My Plastic Surgeon only does the muscle flaps which I don’t really want as I am very active and these can affect quality of life afterwards. But I do have an appointment to see another PS in Norwich who does free flaps which don’t involve muscle so I am really looking forward to this and it is only next week so I don’t have too long to wait.

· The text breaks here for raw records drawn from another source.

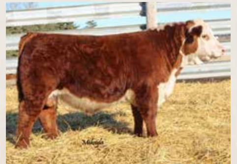
Maternal Brother to 733E: 834F
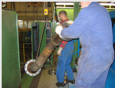
The pipe is transported to the site.
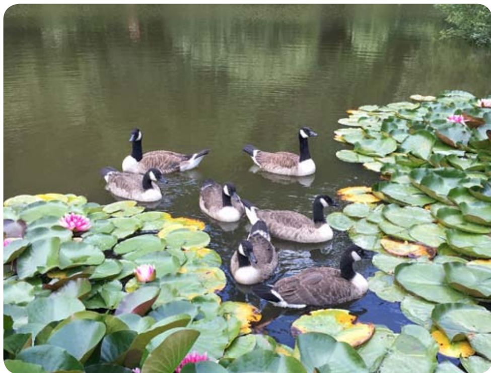
Canadian Geese of Cardinham
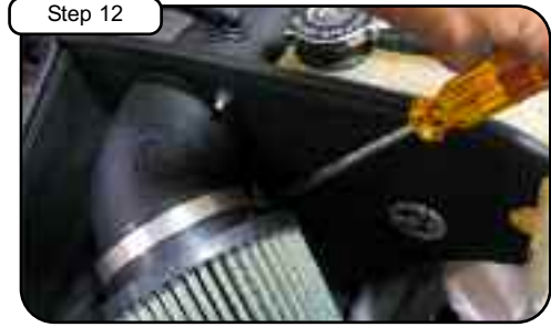
Step 12 Install air filter and tighten using 5/16" nut driver.
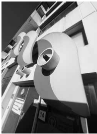
5. Untitled , 1977 (flames on what used to be a fire station). Leen Droppert.
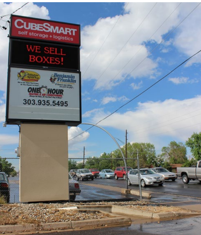
±49,000 AVERAGE TRAFFIC COUNT
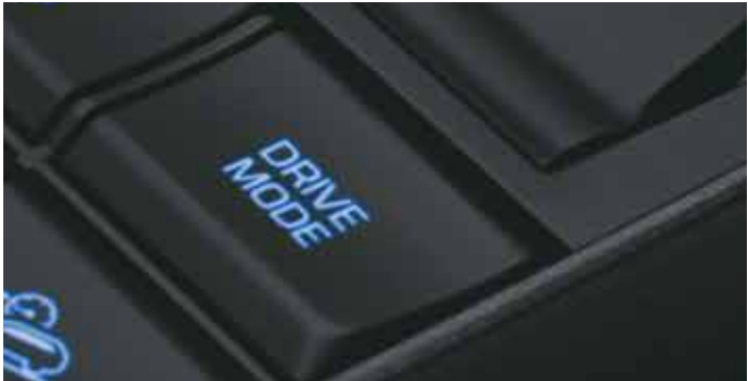
Drive mode select
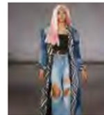
DENIM NIGHT OUT
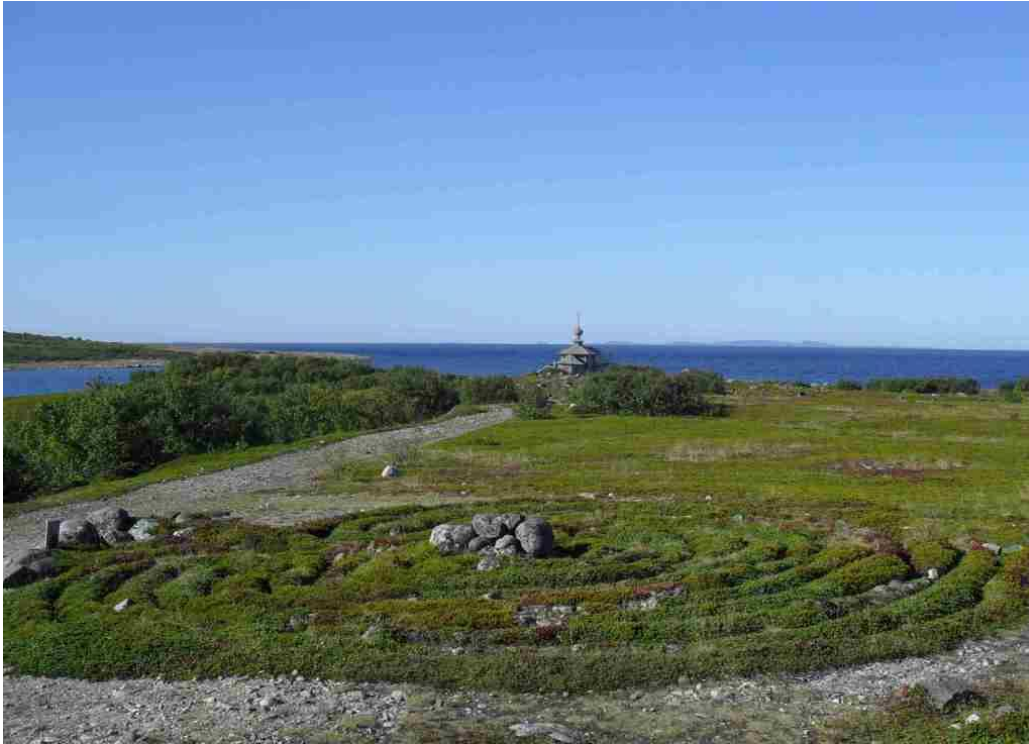
Another island of the Solovky Islands filled with these kinds of "stone circles" with a small Orthodox Church.

Is your forum this week end ? I am sure it will be great fun for both of you…bum I wish I was 2 years younger!
Hello all
Just had a read through the discussion and im so relieved to hear that im not the only one going through all this.Ive found it very dificult to find people to talk to as im 33 and most people in my area are alot older.
I was 31 years old and 28 weeks pregnant with my 4th child when i was diagnosed so it was a very scary time. Still is,so its good to hear that im not going crazy and by the sounds of things its reletivley normal under the circumstances!
You all sound like amazing women and i look forward to reading how you are all getting on.
Take Care
Tammy
Hi Tammy
I cried when I read your post. How dreadful for you to be diagnosed when you were pregnant. How did this affect your treatment ?
I think we are all pretty much in the same boat when it comes to fear of recurrence and it is a difficult balance trying not to let it effect your daily life and that of your family as well. I tend to put on a brave face to my family and friends but inside I feel very differently. I know my life will never be the same again but I am hoping that in time my fears will fade into a distant memory.
Speak soon xxxx
Hi Tammy, Cora,
This site is a godsend. Just to know others are there that knowwhat you’re going through. Cora- too bad you’re not 2 years younger! Tammy- God how awful being diagnosed when pregnant!
Louise, Hope to se you friday- look out for me- i have very noticable red/blond hair!!!How do I recognise you?
Love Julie
Hi All,
Sorry, haven’t had internet connection for two days so couldn’t post.
Julie, am so sorry but can’t make it tomorrow after all, my husband has to go to Italy for the day and won’t be back in time to collect my youngest from school (it’s a car drive away and he has only been there since September and I don’t know anyone well enough to ask for favour). My 17yr old has a rehearsal at college and can’t babysit either, so I’m stuck (isn’t the first time!).
So, am very disappointed but the evening meal is compulsory so I haven’t had any choice but to cancel:-( If you would like to arrange to meet up for social another time let me know, Cora, Tammy, would you be interested? Maybe a lunchtime thing?